Process mining emerged as a business tool that allows organizations to analyze and improve their operational processes. The field has rapidly expanded with several modelling methods, algorithms, tools and visualization techniques. Further, the method has been met with enthusiasm from several researchers leading to a rapid uptake by other disciplines such as health care management and education. As the field currently stands, it is a blend of process management and data science with less emphasis on statistical methods. The field has found its place in educational research with the recent surge of trace log data generated by students’ activities and the interest that learning analytics and educational data mining have kindled.

This tutorial chapter will introduce the reader to the fundamental concepts of process mining technique and its applications in learning analytics and education research at large. We will first describe the method, the main terminology, and the common steps of analysis. Then, we will provide a review of related literature to gain an understanding of how this method has been applied in learning analytics research. We then provide a step-by-step tutorial on process mining using the R programming language and the bupaverse framework. In this tutorial, we analyze a case study of students’ online activities in an online learning management system using the main features of process mining.

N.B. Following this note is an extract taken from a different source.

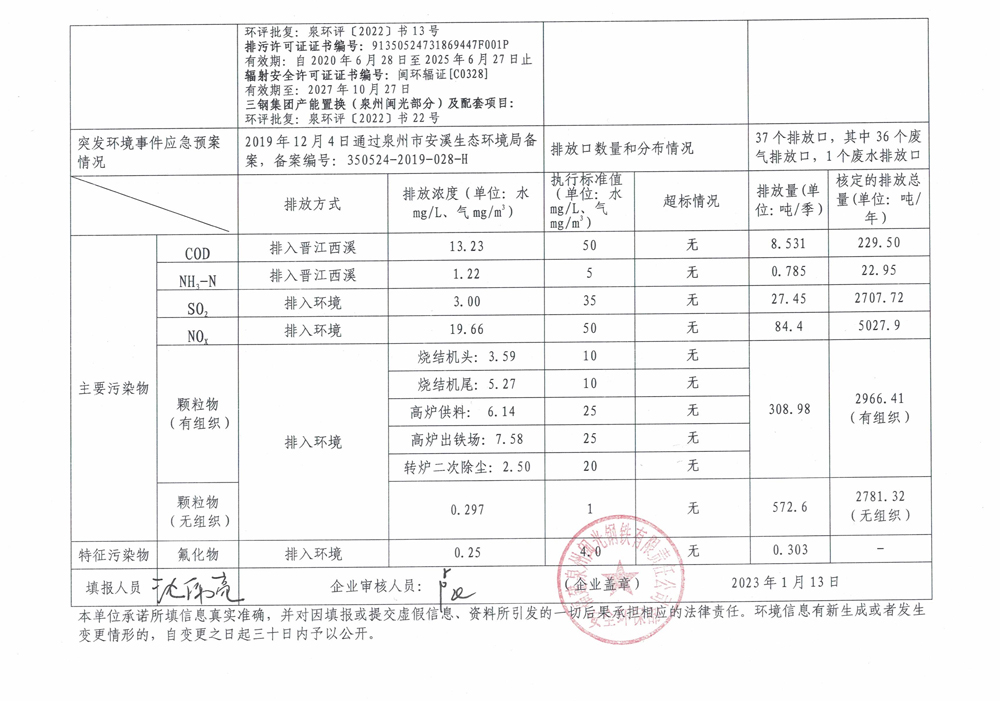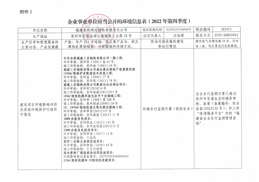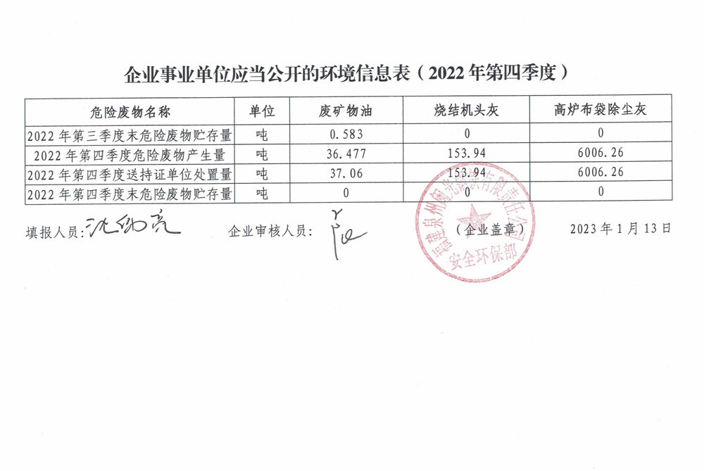 企業(yè)事業(yè)單位應(yīng)當(dāng)公開的環(huán)境信息表(2022年度第四季度)

2 Basic steps in process mining

The goal of process mining is to extract process models from event data. The resulting models can then be used to portray students’ pathways in learning, identify common transitions, and find issues of their approach. In doing so, process mining promises to find deviations from the norm, suggest corrective actions, and optimize processes as an ultimate goal [5]. Process mining starts by the extraction of event data. In the case of educational process mining, event data often reflects students’ activities in learning management systems (LMSs), or in other types of digital tools that record time-stamped events of students’ interactions with the digital tools, such as automated assessment tools or online learning games. The said data is used to construct what is known as an event log. An event log has three necessary parts:

  • Case identifier: A case represents the subject of the process. For example, if we are analyzing students’ enrollment process, each student would represent a different case. If we are analyzing students’ online activities in the LMS, we can also consider each student as a separate case; alternatively, if we want a greater level of granularity, each student’s learning session can be then considered a separate case. All event logs need to have a case identifier that unequivocally identifies each case and that allows to group together all the events that belong to the same case.

  • Activity identifier: Activities represent each action or event in the event data. Continuing with the previous examples, an activity would represent each step in the enrollment process (e.g, application, revision, acceptance, payment etc.), or each action in the LMS (e.g., watch video, read instructions, or check calendar).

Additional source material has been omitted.